Data extract:

• • •

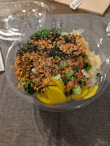 I love this place. I've been there many times. The owner and the people that work there. All very friendly and super nice. I find that the quality of food is very good and that the food is fresh. I believe that the tuna and the salmon are from a frozen product. It's great variety of different toppings and stuff that you can create your own bowls. I found that they large bowl is really large and I have a fairly large appetite. So I stick with a small unless I want to take another meal home with me. Two things that I would like to see change would be a better selection of beverages. Everything seems to be sort of on the very sweet side. The other is that they don't recycle and they use throw away paper. French fry bowls to mix each person's water and then they throw them out. It seems very wasteful and not cost effective. If they use some stainless steel bowls s had enough of them That would be more echo friendly and less expensive for them. I look forward to the next time going there. And I wish them all...
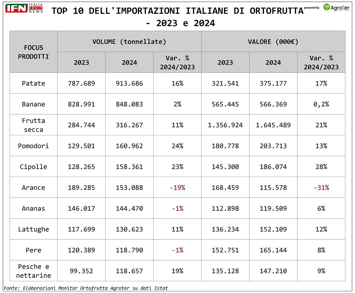 Sul fronte delle importazioni a volume, il podio è occupato da patate, banane e frutta secca, con i trend di crescita più marcati per patate e frutta secca, mentre le banane mostrano un incremento più contenuto. Tuttavia, in termini di valore, il primato assoluto spetta alla frutta secca, che ha generato un giro d'affari superiore a 1,5 miliardi di euro. La performance più significativa riguarda le cipolle, che registrano un aumento del 23% a volume e del 28% a valore. La scarsità di prodotto nazionale ha chiaramente favorito questa dinamica commerciale. In controtendenza, invece, le importazioni di arance, che risultano in calo.
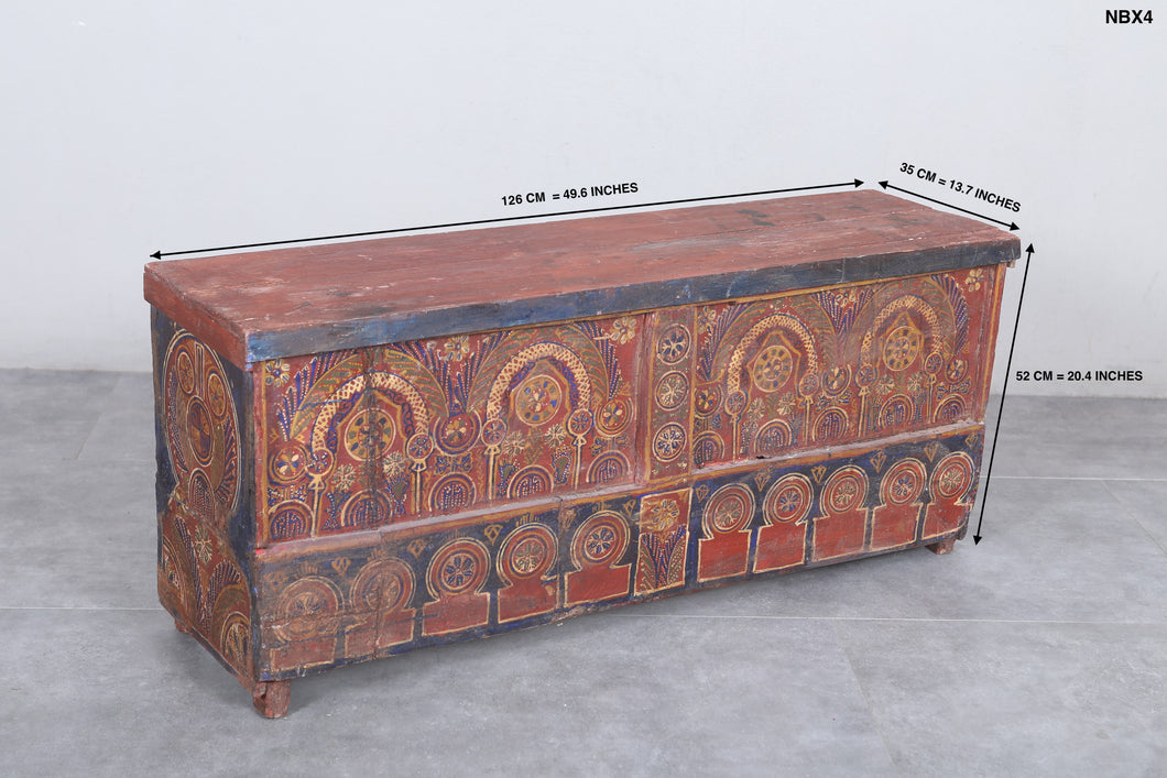 Vintage Moroccan chest H 20.4 INCHES X W 49.6 INCHES X D 13.7 INCHES
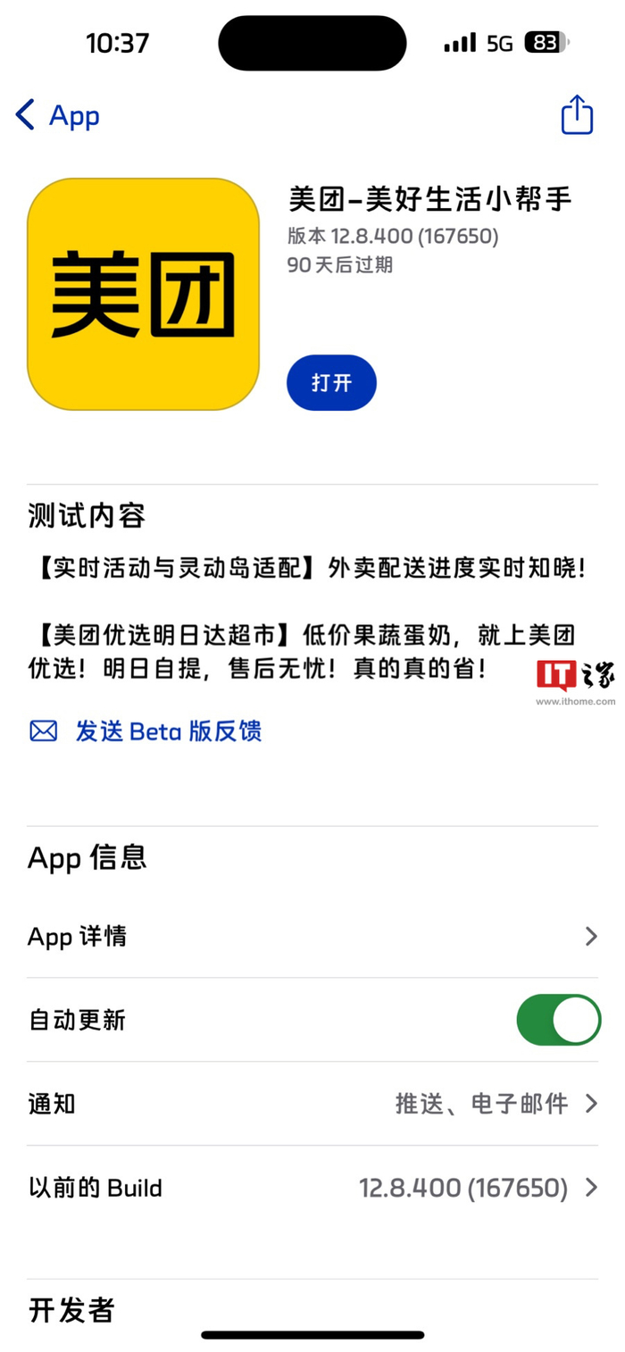 美团 iOS 版 12.8.400 测试版发布:适配实时活动与灵动岛,外卖配送进度实时知晓

• • •

What is expected:
Copy exactly, please, every line from the one holding "Vintage Moroccan chest" through the last line of the data, both ends included, and no pictures.

Response for this exercise:
 Vintage Moroccan chest H 20.4 INCHES X W 49.6 INCHES X D 13.7 INCHES
 美团 iOS 版 12.8.400 测试版发布:适配实时活动与灵动岛,外卖配送进度实时知晓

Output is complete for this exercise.